📖 Read the manuscript.
🔗 Gather more information on zuco-benchmark.com
💻 Look at our code for creating the baseline results
🏆 Create models or custom feature sets and participate in our challenge at EvalAI
The Zurich Cognitive Language Processing Corpus (ZuCo 2.0) is a dataset combining EEG and eye-tracking recordings from subjects reading natural sentences as a resource for the investigation of the human reading process in adult English native speakers.
The benchmark is a cross-subject classification to distinguish between normal reading and task-specific information searching.
This repository is supposed to give you a starting point to participate in our challenge.
To run the code, follow the steps:
Version: Python 3.7.16
Using newer versions may lead to conflicts with h5py.
Should you encounter any installation difficulties, please don't hesitate to open an issue.
- Install pip
- Create a virtual environment and activate it
- Run
pip install -r requirements.txt
You can also download individual files from the OSF
To download the whole dataset, execute
bash get_data.sh
If you do not want to download the whole dataset, you can download the extracted features for each subject and feature set.

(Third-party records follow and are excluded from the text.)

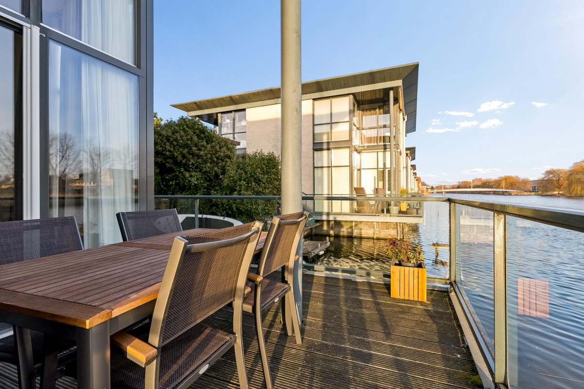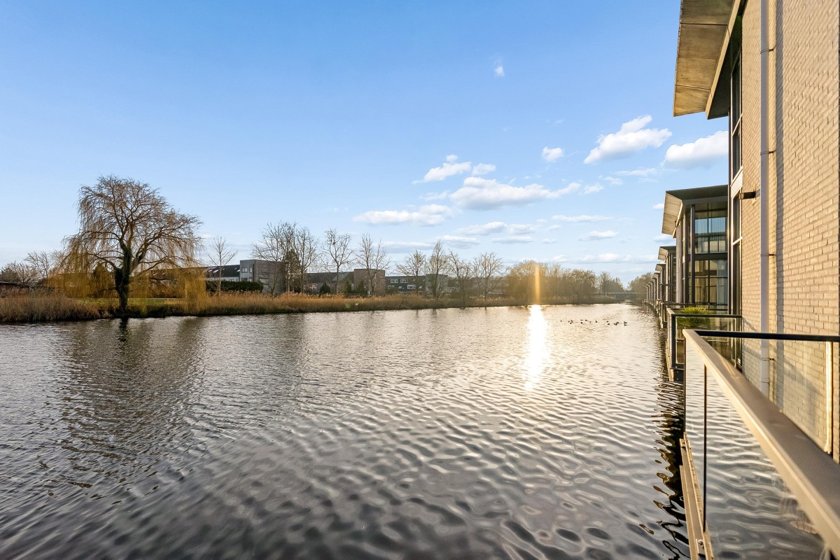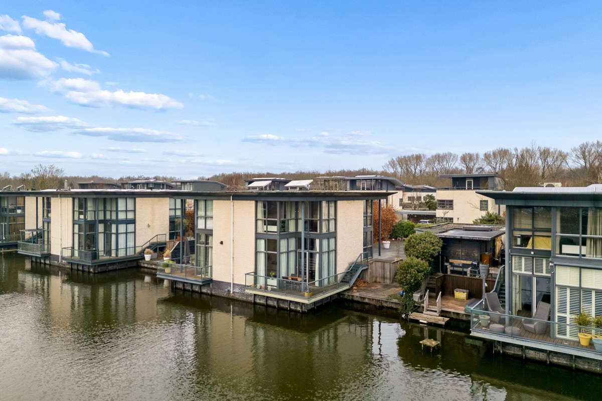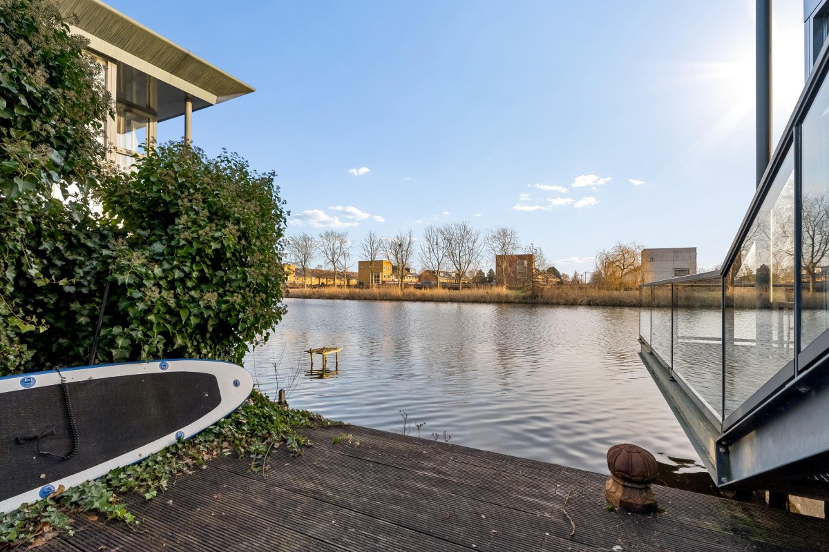 Via de schuifpui in de woonkamer heeft u direct toegang tot het balkon aan het water. Vanaf het balkon loopt u de tuin in, die zich zowel aan de zijkant als aan de voorkant van de woning uitstrekt. Gedurende de dag heeft u de keuze tussen zon of schaduw: op het balkon kunt u genieten van de middagzon, terwijl de tuin een fijne schaduwplek biedt. De tuin is zorgvuldig onderhouden en grotendeels bestraat, wat zorgt voor een strakke en onderhoudsvriendelijke uitstraling.
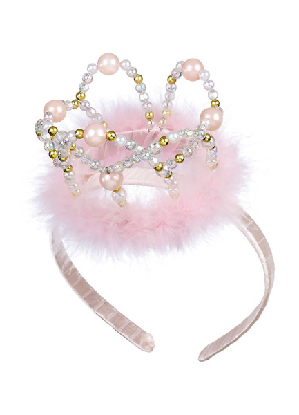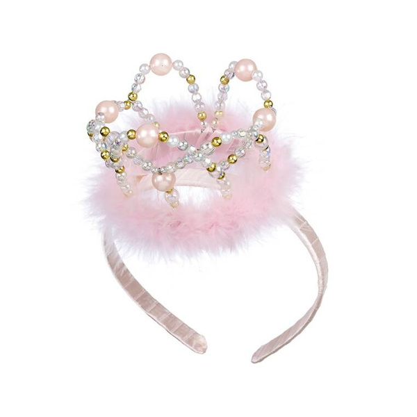 Opaska/tiara z futerkiem i koroną Alexandra holenderskiej marki Souza! Obciągniętą satynową tkaniną opaskę zdobi długowłose jasnoróżowe futerko i ręcznie robiona korona z białych, złotych i jasnoróżowych perełek różnej wielkości. Opaska jest lekka, delikatna i przyjemna w noszeniu (ma optymalną szerokość – 1 cm – i nie uciska). Idealna na przyjęcia i jako uzupełnienie przebrania księżniczki. Sprawdzi się także jako stylowy prezent.
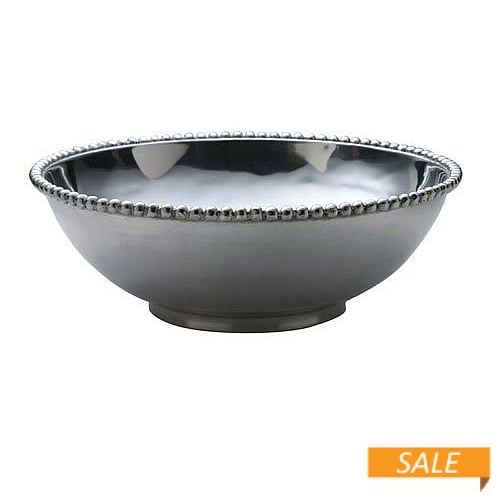 Main view Product Details Mariposa® The Original PEARLED LARGE CELEBRATION 13in BOWL by Mariposa® — The unique CELEBRATION SERVING BOWL in Mariposa's signature "string of pearls" pattern. 13" diameter; 4" height. Pearls follow the flowing contours -- serve up an individual helping of organic elegance in this classic shape with flair. A luxurious wealth of pearls, in a refined, formal setting that’s also whimsical because of its sheer impossibility. Stark flowing lines play off a multitude of pearls in a collection that looks back to another candlelit century while still looking ahead—and thus feels at home anywhere. SendAFrame stocks the entire Mariposa® picture frame line - and associated pattern pieces like this special bowl. To start - or add to your collection, click: Mariposa® Design Collection Product Care: Mariposa metals are handcrafted from 100% recycled aluminum All items are food-safe and will not tarnish Handwash in warm water with mild soap and towel dry immediately Do not place in dishwasher or microwave Avoid extended contact with water, salty or acidic foods; coat lightly with vegetable oil or spray to avoid staining Warm to 350 degrees for hot foods. Freeze or chill for summer entertaining Cutting directly on the metal surface will scratch the finish Occasional use of non-abrasive metal polish will revive luster Leaving other metals on metal surfaces may cause discoloration The Original PEARLED LARGE CELEBRATION 13in BOWL by Mariposa® Mariposa® HOLIDAY CELEBRATION Savings - Buy More / Save More * Add this item to your cart for the full details of this promotion. Conditions may apply. Model #808813079110 List $250.00 You pay $134.90 In stock Ships next business day [?] Your Price Match is Active Your request for a price of $0.00 for a minimum quantity of has been accepted. You have [time] left to purchase this item for $0.00 instead of $134.90 each. Find a Lower Price? We BEAT All Authorized Retailers [?] FEATURESMaterial:AluminumFinish:SilverOccasion:Anniversary, Birthday, Christmas, Congratulations, Engagement, Group Events + Parties, Friendship, Good luck, Housewarming, Inspirational, Thank-Motivate-Reward, WeddingStyle:Contemporary, Santa Fe, Shabby Chic, Sports & leisure, Eco-Friendly-Recycled, ModernBrand:Mariposa®Display Type:not applicable n/a Approx. Overall Dimensions:13"x4"x13" This item ships in its own box SHARE THIS ITEM Share on Facebook
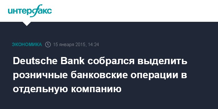 Москва. 15 января. INTERFAX.RU - Deutsche Bank рассматривает возможность выделения розничных банковских операций в отдельную компанию, пишет газета Financial Times. Регуляторы требуют от германского банка сократить долговую нагрузку, а также перестать использовать потребительские депозиты для финансирования операций инвестбанка.
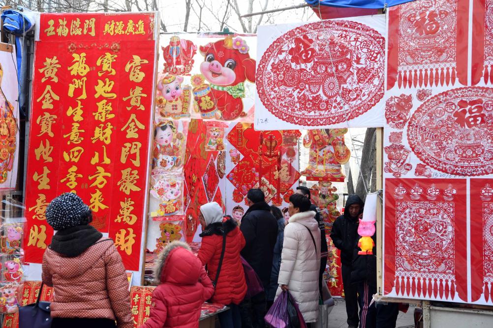 2019年2月1日,市民在天津古文化街选购新年饰品。
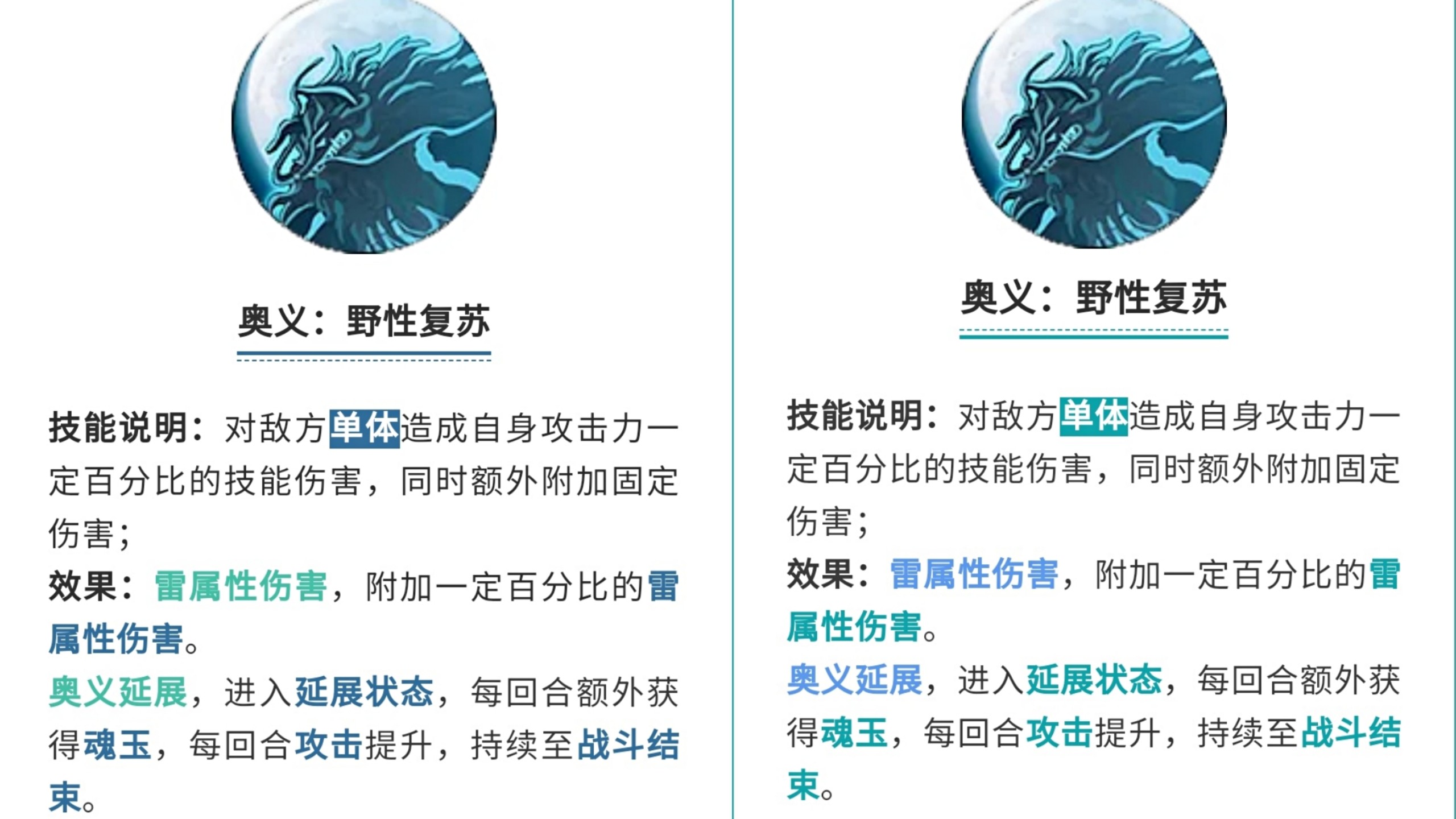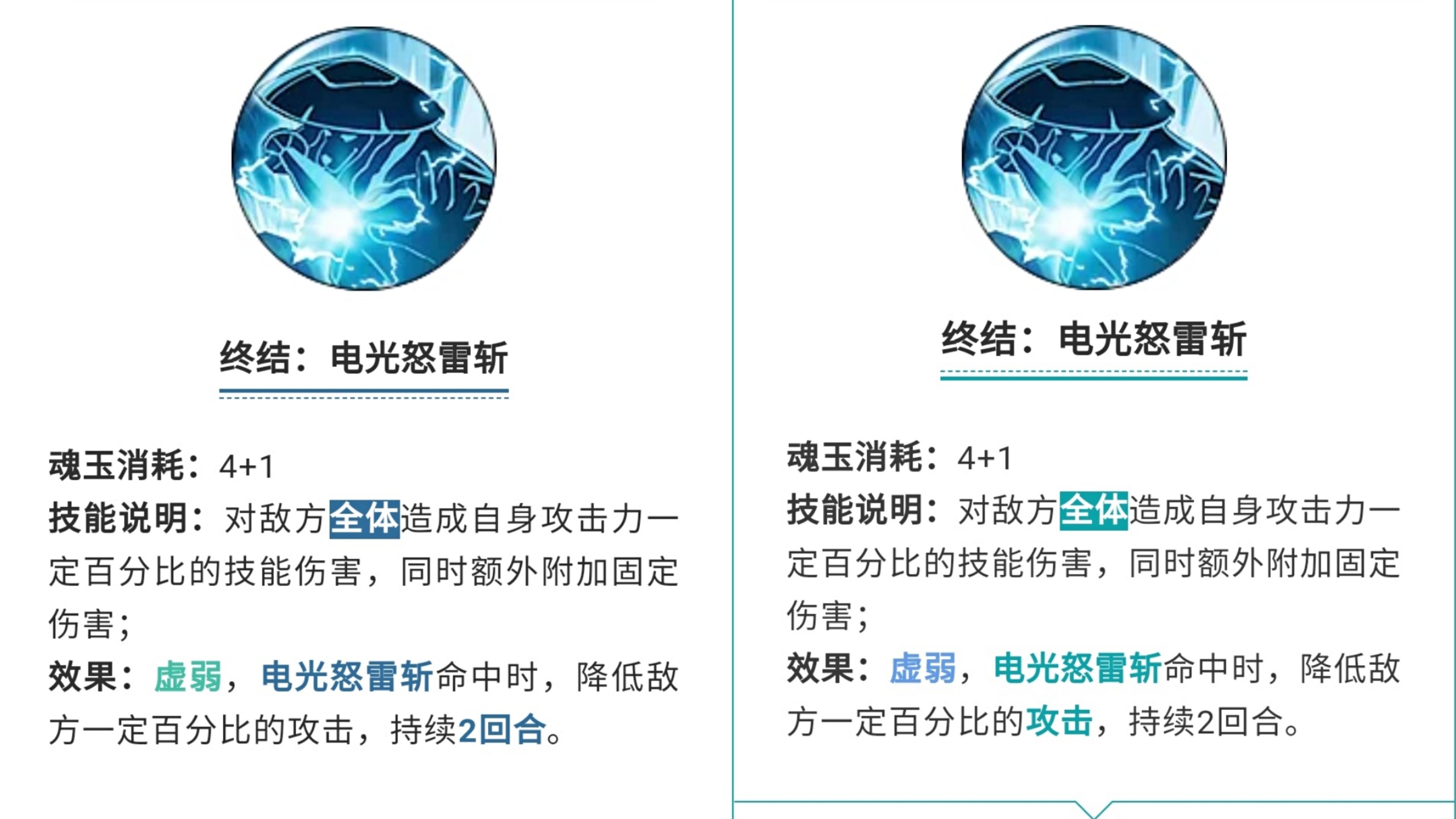 单体奥义,雷属性伤害,进入奥义延展每回合获得魂玉攻击也提升,持续到战斗结束。也就是说进入了奥义延展除非用终结退出,不然是不会退出延展的。(新区老区技能一致)
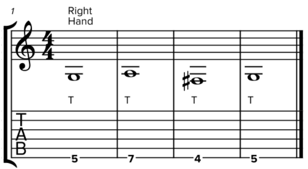 We start off with the left hand, as that’s likely to be the most familiar part, since it’s no different to playing traditionally. We’re making sure to only use hammer ons and pull offs to play the notes. We can’t pick the strings as the right hand is going to be occupied later! If you’re new to the idea of hammer-ons and pull-offs we’ll give a brief explanation here, but for an in-depth lesson check out our legato lessons. Here’s the tab for the left hand part:
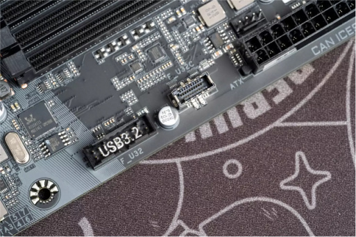 靠近主板电源插槽的位置设计了USB3.2和USB Type-C(USB 3.2 Gen 2)接口,通过连接排线可以把这些接口扩展到机箱的前面板等位置。除了这两个USB扩展接口以外,主板上还提供了4个USB 2.0/1.1接口和2个USB 3.2 Gen1等接口的扩展插座。
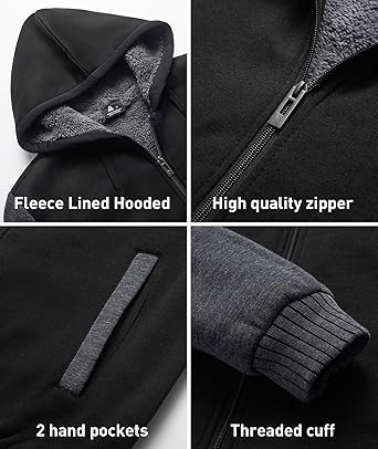 The men's zip up hoodie has two side pockets, which can provide enough safe space for your belongings. Men's sherpa lined hoodie is great for daily wear and various outdoor activities, such as lounging, streetwear, traveling, mountaineering, running, sports activities, and workouts, etc. The perfect gift for your boyfriend, son, husband and yourself
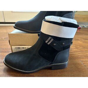 Clarks Womens Leather Boots Camzin Strap Mid-Calf Boots Black 6 W Zip NEW
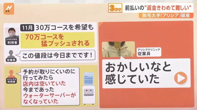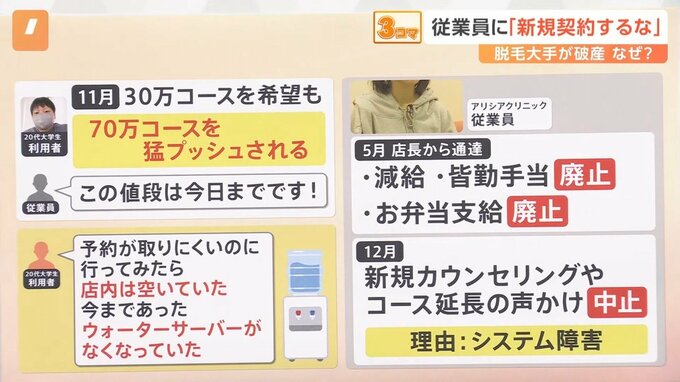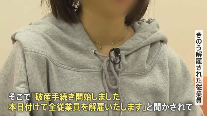 「(9日)施術部屋に全員集められて、1個のタブレットをみんなで見る感じで。そこで『破産手続き開始しました。本日付けで全従業員を解雇いたします』と聞かされて。
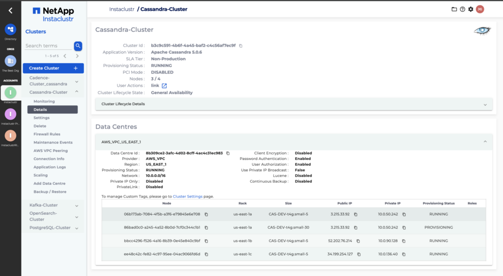 Instaclustr recommends that you first test your applications against a data centre in a non-production setting to verify that the resize process doesn’t interrupt your applications.
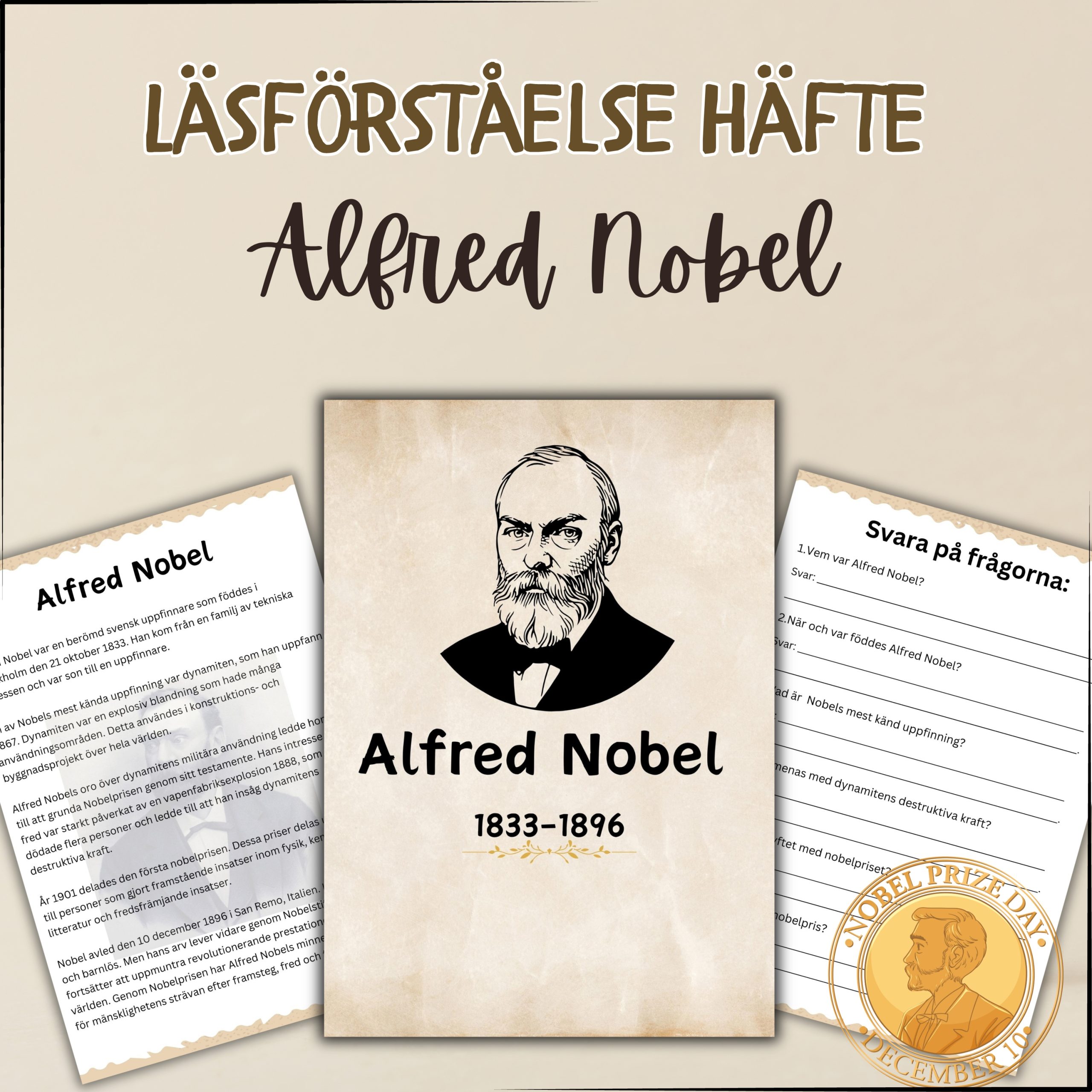 Eleverna kan även skriva egna faktatexter om Alfred Nobel. Extra sida inkluderat. Färglägga bilderna 🙂
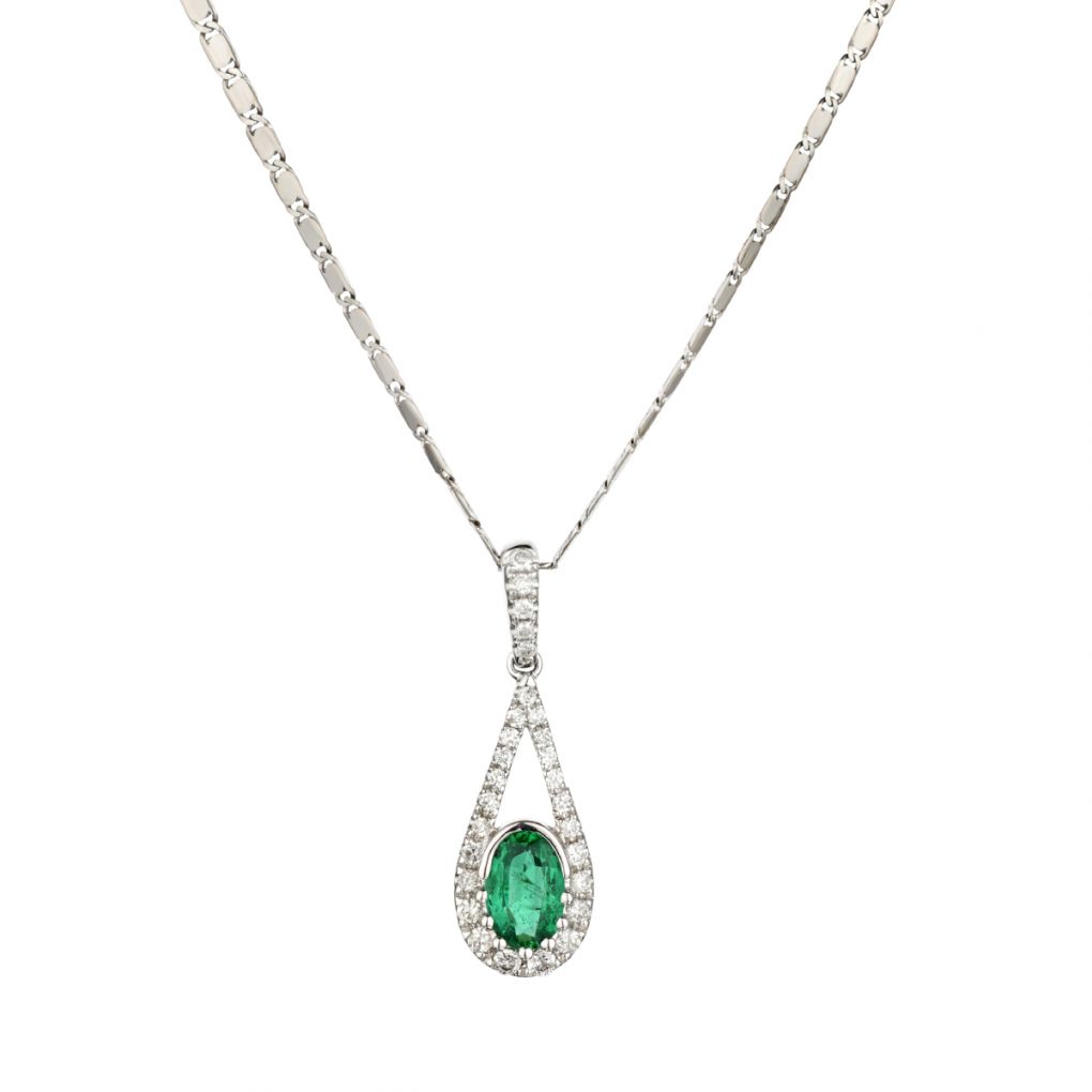 Ladies 14kt white gold Green Emerald and Diamond pendant . This pendant features an Oval cut Green emerald weighing 0.50 carat weight. This stone is surrounded by a halo of Brilliant cut diamonds weighing 0.20 carat weight. Pendant measure 21mm (L).18kt white gold chain measuring 16' in length.

To do so, download features.zip, place the file under zuco-benchmark/src/
and unzip it.
cd src
Run the code to produce baseline predictions with the SVM.
python benchmark_baseline.py
If you downloaded the whole dataset, the script will first extract the selected feature sets from the .mat
files, which will take a while.
You can use the code in benchmark_baseline.py
as a starting point and:
- Try different models.
- Use other feature sets or combinations. See config.py for available feature sets
- Create your own feature combinations. To do that, take a look at the feature-extraction and add your own feature combination there.
To experiment with different models or feature combinations, you can use the validation.py, which tests your configuration using leave-one-out cross-validation on the training data.
If you have create_submission
enabled in the config, benchmark_baseline.py
will automatically create a submission file in the correct format.
For the submission format, check out the example files.
Head to EvalAI, fill in the required information and upload your submission.json.